Directions for this task >>
Transcribe all of the data exactly. Omit the pictures.

(Records excerpted from a collection)
________

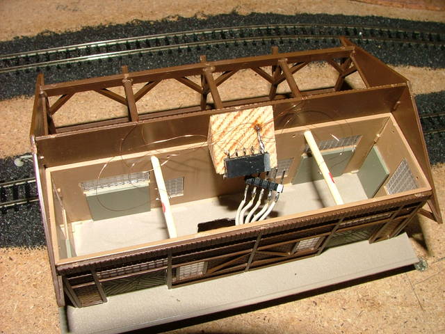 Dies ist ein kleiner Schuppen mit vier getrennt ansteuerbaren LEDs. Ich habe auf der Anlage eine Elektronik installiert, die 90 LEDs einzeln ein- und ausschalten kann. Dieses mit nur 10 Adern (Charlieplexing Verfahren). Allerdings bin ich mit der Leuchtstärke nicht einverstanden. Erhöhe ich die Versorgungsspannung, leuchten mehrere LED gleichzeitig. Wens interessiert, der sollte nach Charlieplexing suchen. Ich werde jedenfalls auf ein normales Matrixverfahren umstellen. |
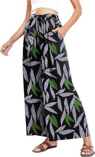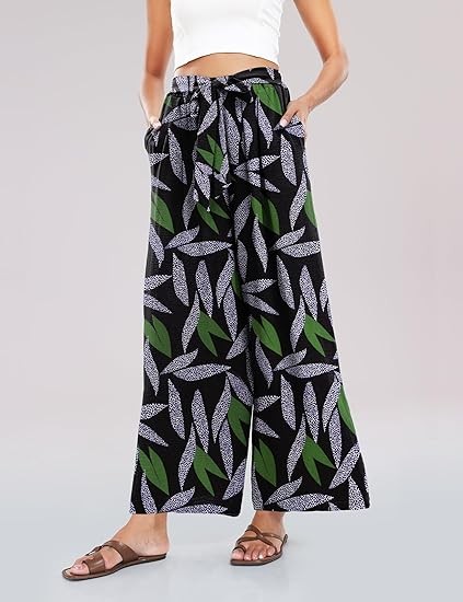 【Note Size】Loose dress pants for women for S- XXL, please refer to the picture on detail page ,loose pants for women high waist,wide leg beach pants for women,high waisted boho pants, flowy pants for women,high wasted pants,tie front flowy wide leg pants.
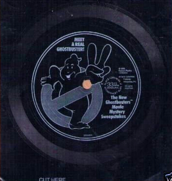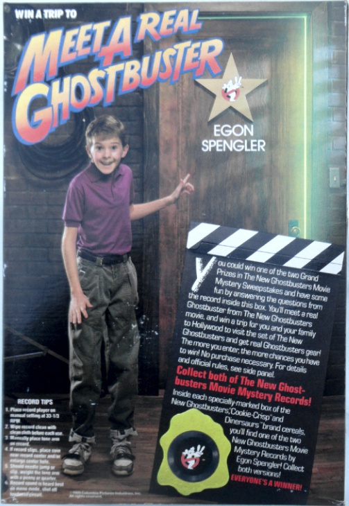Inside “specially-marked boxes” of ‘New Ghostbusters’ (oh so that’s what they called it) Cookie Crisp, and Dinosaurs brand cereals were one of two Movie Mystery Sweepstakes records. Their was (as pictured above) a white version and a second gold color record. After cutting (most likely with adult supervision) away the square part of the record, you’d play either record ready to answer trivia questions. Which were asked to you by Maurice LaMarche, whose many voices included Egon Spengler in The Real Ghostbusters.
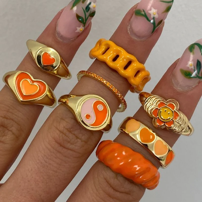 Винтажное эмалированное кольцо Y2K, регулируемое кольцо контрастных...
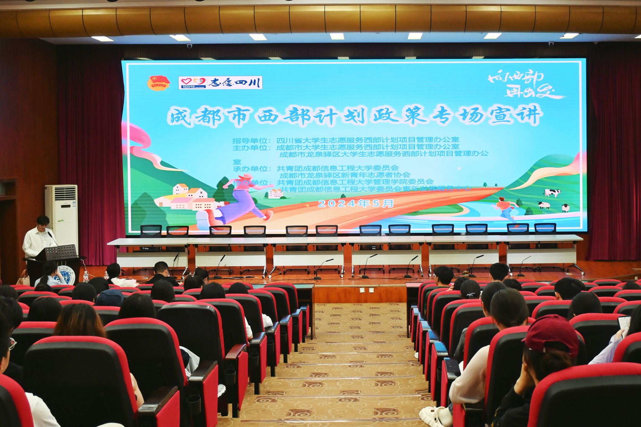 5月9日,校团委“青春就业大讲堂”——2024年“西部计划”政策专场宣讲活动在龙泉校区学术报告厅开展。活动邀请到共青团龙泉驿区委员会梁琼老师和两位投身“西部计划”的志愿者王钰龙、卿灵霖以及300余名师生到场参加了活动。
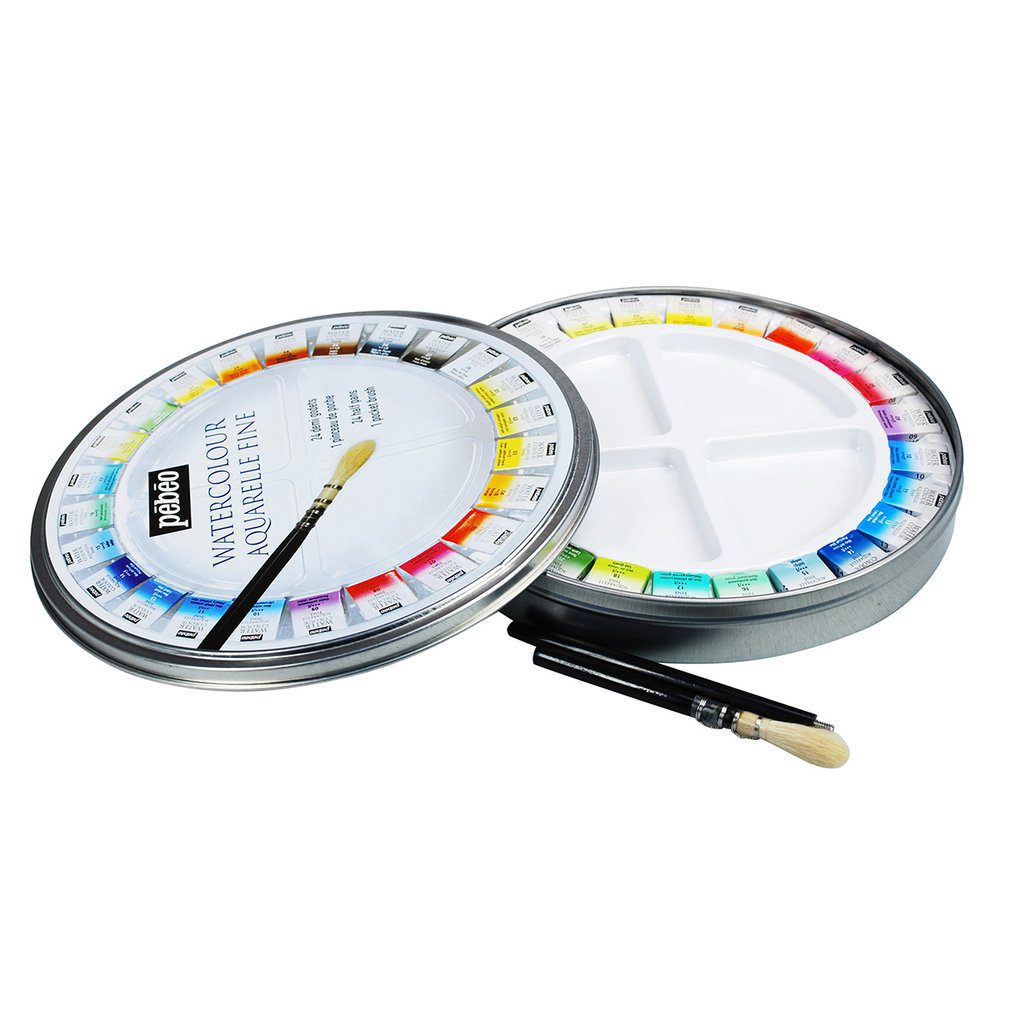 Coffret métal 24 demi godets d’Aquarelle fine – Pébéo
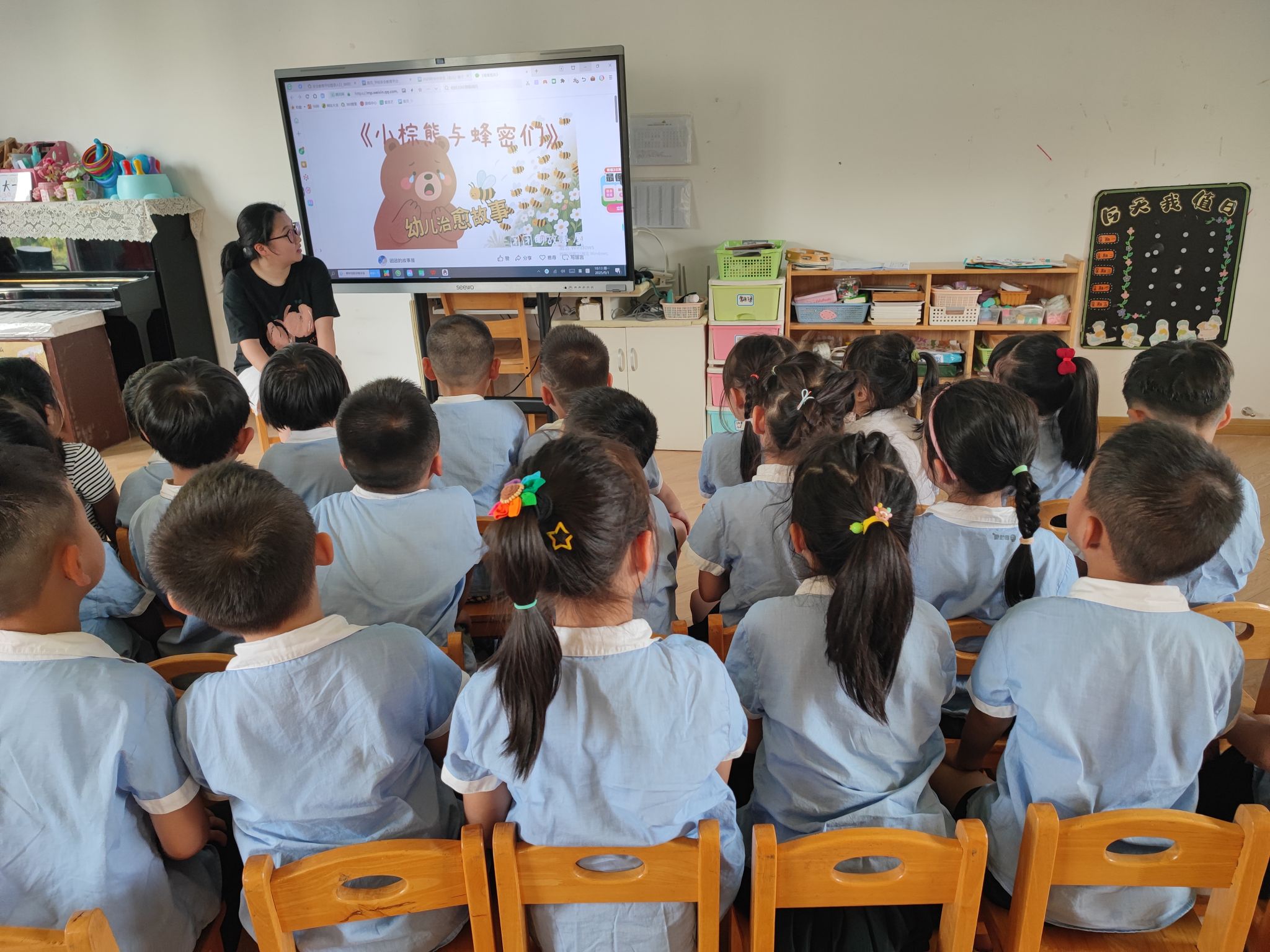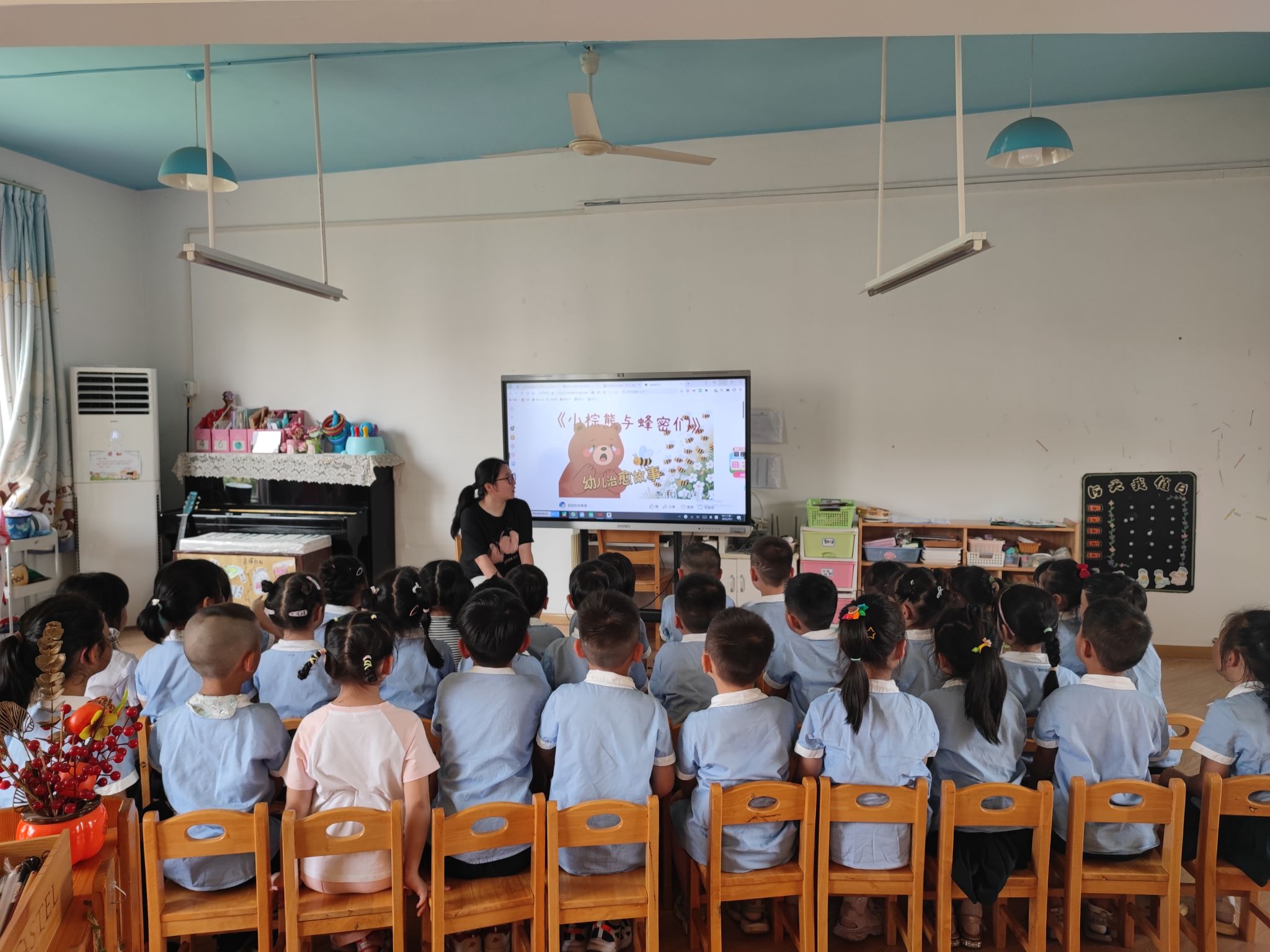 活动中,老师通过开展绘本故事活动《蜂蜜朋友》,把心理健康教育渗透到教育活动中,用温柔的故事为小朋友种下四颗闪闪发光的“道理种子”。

________

Reply >>
 Dies ist ein kleiner Schuppen mit vier getrennt ansteuerbaren LEDs. Ich habe auf der Anlage eine Elektronik installiert, die 90 LEDs einzeln ein- und ausschalten kann. Dieses mit nur 10 Adern (Charlieplexing Verfahren). Allerdings bin ich mit der Leuchtstärke nicht einverstanden. Erhöhe ich die Versorgungsspannung, leuchten mehrere LED gleichzeitig. Wens interessiert, der sollte nach Charlieplexing suchen. Ich werde jedenfalls auf ein normales Matrixverfahren umstellen. |
 【Note Size】Loose dress pants for women for S- XXL, please refer to the picture on detail page ,loose pants for women high waist,wide leg beach pants for women,high waisted boho pants, flowy pants for women,high wasted pants,tie front flowy wide leg pants.
Inside “specially-marked boxes” of ‘New Ghostbusters’ (oh so that’s what they called it) Cookie Crisp, and Dinosaurs brand cereals were one of two Movie Mystery Sweepstakes records. Their was (as pictured above) a white version and a second gold color record. After cutting (most likely with adult supervision) away the square part of the record, you’d play either record ready to answer trivia questions. Which were asked to you by Maurice LaMarche, whose many voices included Egon Spengler in The Real Ghostbusters.
 Винтажное эмалированное кольцо Y2K, регулируемое кольцо контрастных...
 5月9日,校团委“青春就业大讲堂”——2024年“西部计划”政策专场宣讲活动在龙泉校区学术报告厅开展。活动邀请到共青团龙泉驿区委员会梁琼老师和两位投身“西部计划”的志愿者王钰龙、卿灵霖以及300余名师生到场参加了活动。
 Coffret métal 24 demi godets d’Aquarelle fine – Pébéo
 活动中,老师通过开展绘本故事活动《蜂蜜朋友》,把心理健康教育渗透到教育活动中,用温柔的故事为小朋友种下四颗闪闪发光的“道理种子”。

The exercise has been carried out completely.